Cawthron Institute, Nelson, New Zealand.
J Appl Microbiol. 2010 Dec;109(6):2011-8. doi: 10.1111/j.1365-2672.2010.04831.x.
The purpose of this study was to determine the variability in anatoxin-a (ATX) and homoanatoxin-a (HTX) concentrations in benthic cyanobacterial mats within sampling sites and to assess the applicability of using a PCR-based approach to determine ATX- and HTX-production potential.
ATX and HTX variability was investigated by collecting 15 samples from 10 × 10 m grids in seven rivers. ATX and HTX concentrations were determined using liquid chromatography-mass spectrometry (LC-MS). Samples from two sites contained no ATX or HTX and at one site ATX and HTX were detected in all samples. At four sites, both toxic and nontoxic samples co-occurred and these samples were sometimes spaced less than 1 m apart. PCR amplification of a region of a polyketide synthase (ks2, putatively involved in the biosynthetic pathway of ATX and HTX) successfully distinguished ATX-and-HTX- and non-ATX-and-HTX-producing cultured Phormidium strains. Results from environmental samples were more variable, and the results were in congruence with the LC-MS data in only 58% of samples.

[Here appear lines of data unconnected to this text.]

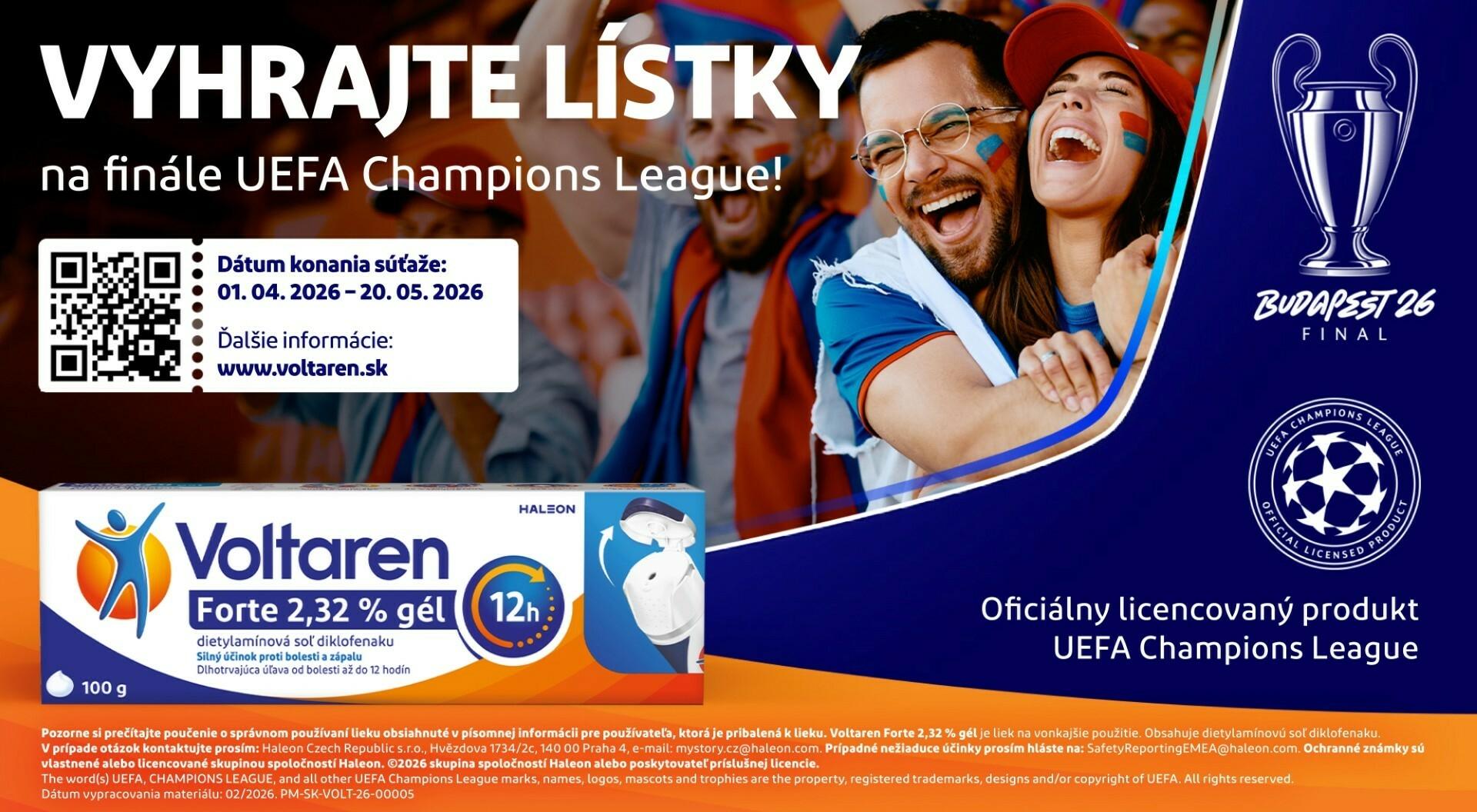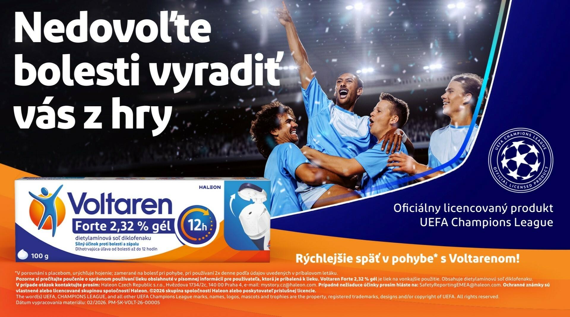 • Produkty Voltaren na lokálnu úľavu od bolesti sa stávajú oficiálnymi licencovanými produktmi Ligy majstrov UEFA pre sezóny 2025/26 a 2026/27.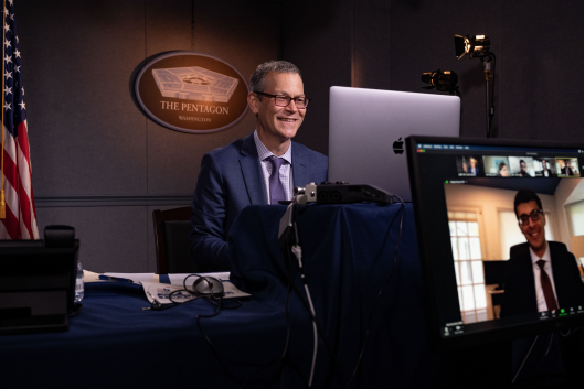 美國防部主管政策的副部長科林·卡爾(Colin H. Kahl)在2021年卡內基國際核政策大會上發表演講(美國防部圖片)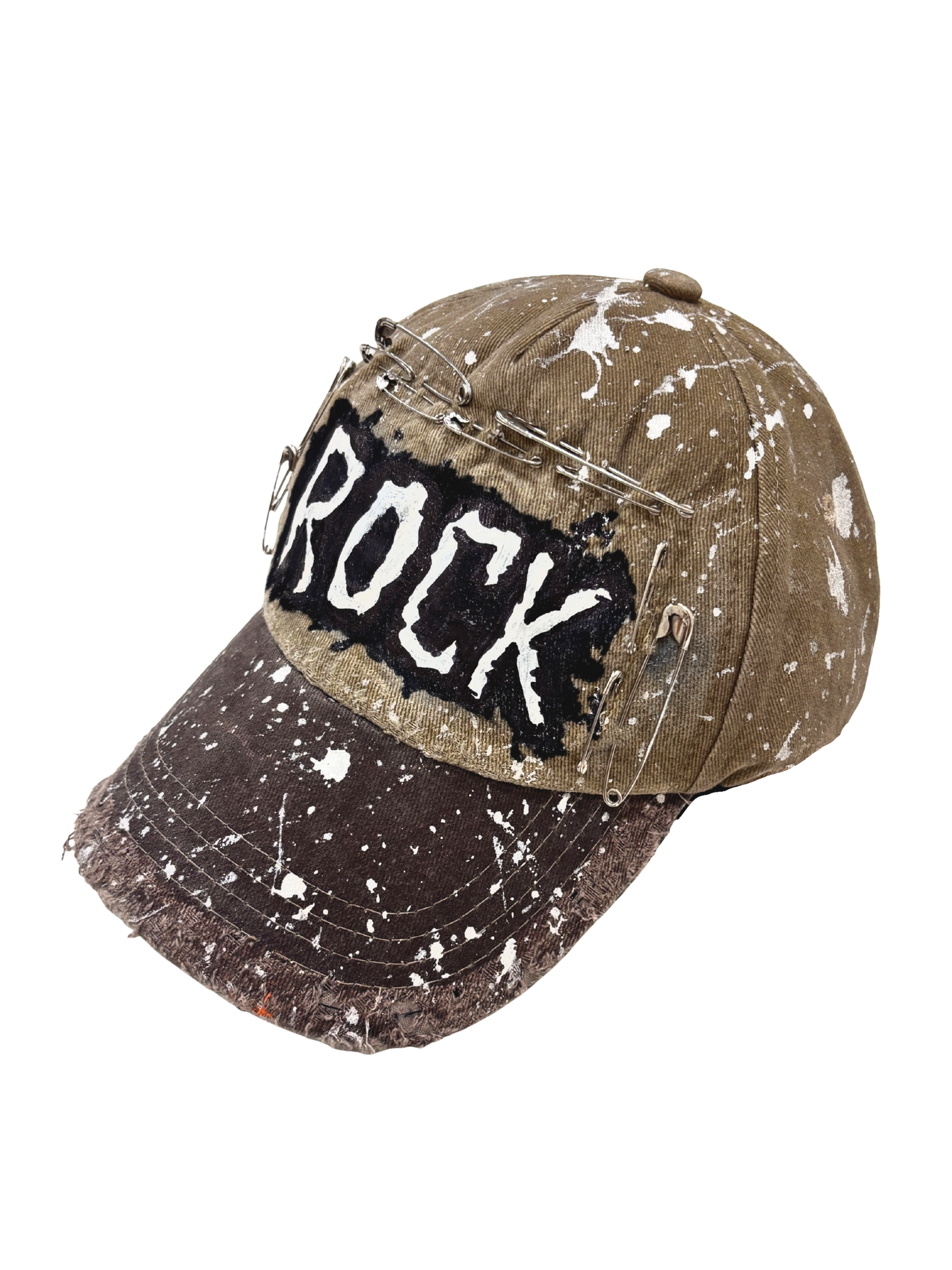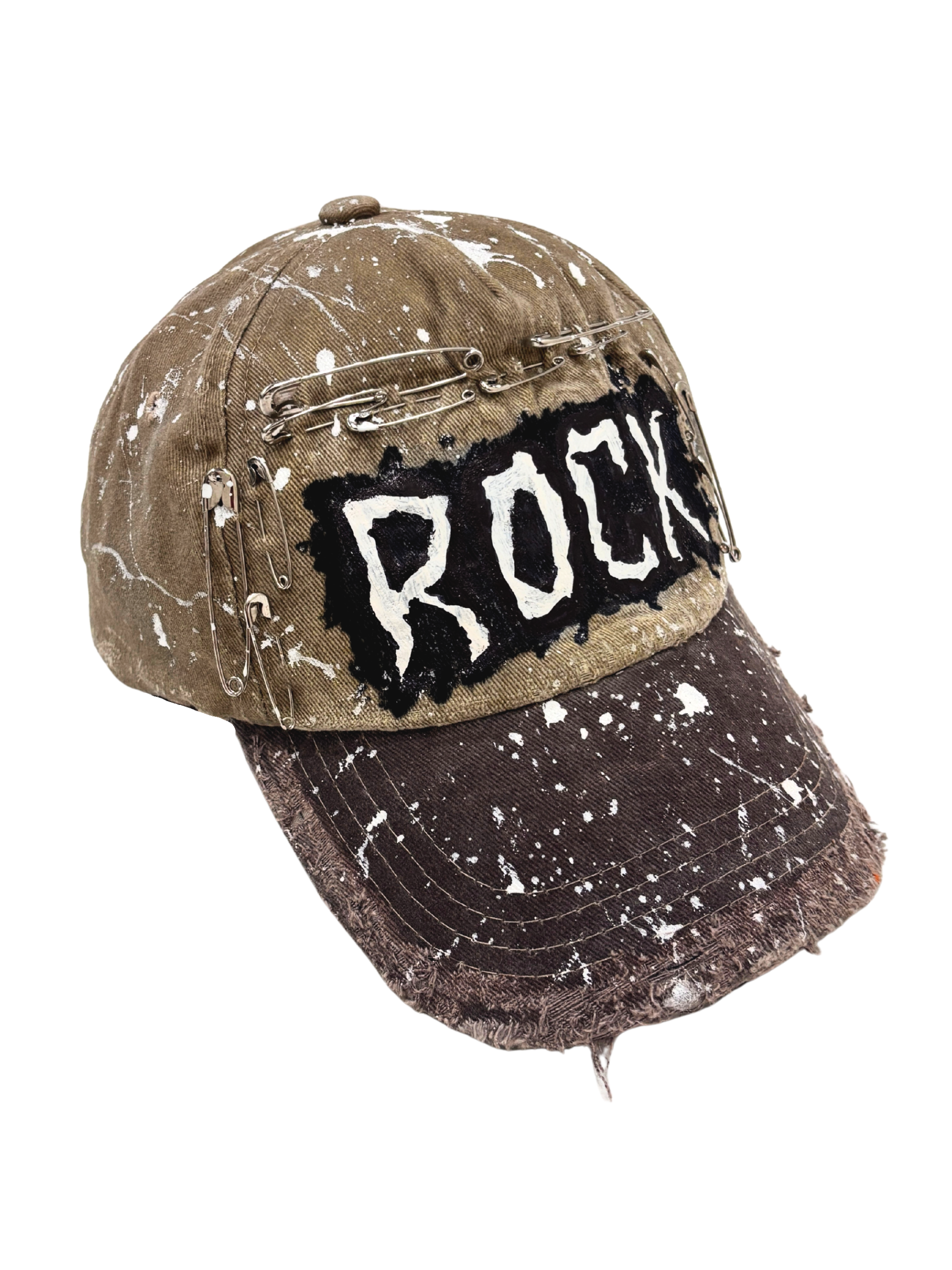 This one-of-one cap is a battle scar in fabric form hand distressed, hand painted, paint-splattered, and held together with safety pins like a badge of rebellion. The bold “ROCK” across the front isn’t just a word, it’s a statement. Built for the misfits, the outlaws, the ones who make noise when the world demands silence.

Fine-scale spatial variability in ATX and HTX concentrations occurs among benthic cyanobacterial mats.
Multiple benthic cyanobacterial mat samples must be collected at a sampling site to provide an accurate assessment of ATX and HTX concentrations at that location. The PCR-based technique offers the potential to be a useful early warning technique.
本研究旨在确定底栖蓝藻席中anatoxin-a(ATX)和 homoanatoxin-a(HTX)浓度的变异性,并评估基于 PCR 的方法来确定 ATX 和 HTX 产生潜力的适用性。
通过在七个河流中从 10×10 m 的网格收集 15 个样本,调查了 ATX 和 HTX 的变异性。使用液相色谱-质谱(LC-MS)法测定 ATX 和 HTX 浓度。来自两个地点的样本不含 ATX 或 HTX,而一个地点的所有样本均检测到 ATX 和 HTX。在四个地点,有毒和无毒的样本同时存在,这些样本有时相隔不到 1 米。对聚酮合酶(ks2,推测参与 ATX 和 HTX 的生物合成途径)的一个区域进行 PCR 扩增,成功地区分了 ATX 和-HTX-和非-ATX 和-HTX-产生的培养 Phormidium 菌株。环境样本的结果更为多变,只有 58%的样本与 LC-MS 数据相符。
底栖蓝藻席中 ATX 和 HTX 浓度存在精细的空间变异性。
在一个采样点必须采集多个底栖蓝藻席样本,才能准确评估该地点的 ATX 和 HTX 浓度。基于 PCR 的技术具有成为有用的早期预警技术的潜力。